Dataset excerpt:
↓

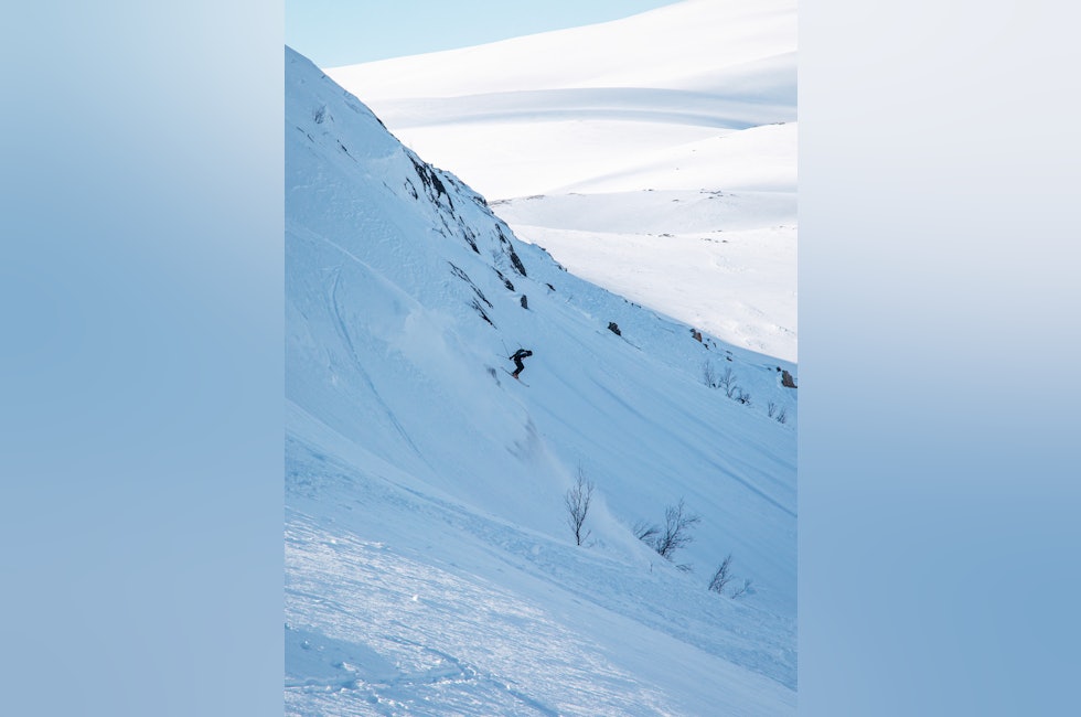 Etter syklingen byttet de fleste til ski- eller snowboardstøvler for freeridekonkurransen i Kaltdalen, som for noen år siden ble omtalt av Fri Flyt som en av de beste plassene i Norge for skogskjøring tilknyttet alpinsenter.
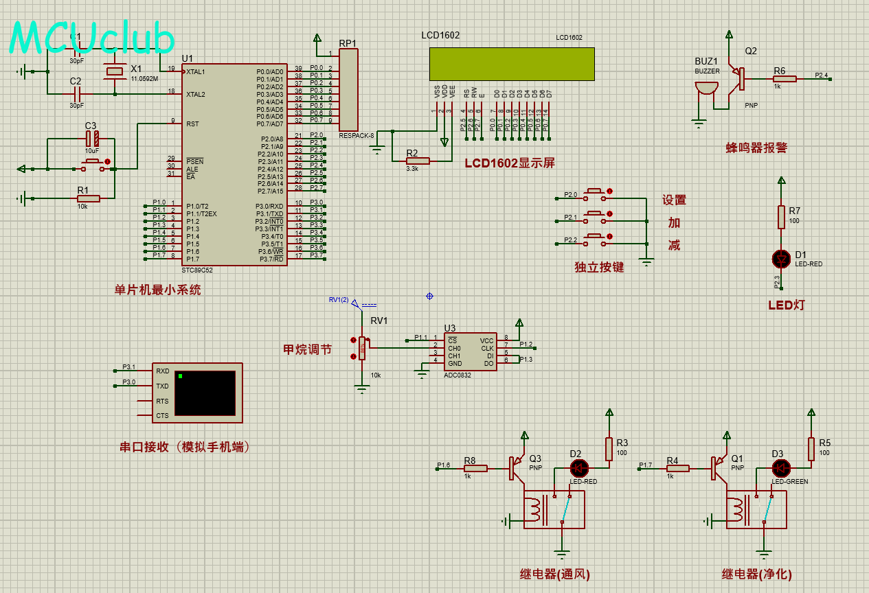 1、通过MQ-4检测甲烷值,超过设置最大值进行声光报警,并开启风扇和净化器
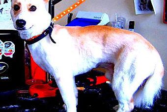 Der kleine Romeo stammt aus einer Tötungsstation in Bulgarien und wurde dort kurz vor der Tötung gerettet. 2,5 Jahre ist er jetzt alt und trotz seiner Ängstlichkeit ein kleiner dominanter Hund, der mich zum Fressen gern hatte. Da musste ich dann schon konsequent durchgreifen, damit eine Pflege überhaupt möglich war. Aber zum Schluss konnte ich dann – ohne Maulkorb – noch seinen Kopf zurechtmachen und alle waren wieder zufrieden.

↑

Directions: Every line from the one holding "1、通过MQ-4检测甲烷值,超过设置最大值进行声光报警,并开启风扇和净化器" to the last line of the listing above, inclusive, must appear exactly as written, and no picture may appear.

Worked solution:
 1、通过MQ-4检测甲烷值,超过设置最大值进行声光报警,并开启风扇和净化器
 Der kleine Romeo stammt aus einer Tötungsstation in Bulgarien und wurde dort kurz vor der Tötung gerettet. 2,5 Jahre ist er jetzt alt und trotz seiner Ängstlichkeit ein kleiner dominanter Hund, der mich zum Fressen gern hatte. Da musste ich dann schon konsequent durchgreifen, damit eine Pflege überhaupt möglich war. Aber zum Schluss konnte ich dann – ohne Maulkorb – noch seinen Kopf zurechtmachen und alle waren wieder zufrieden.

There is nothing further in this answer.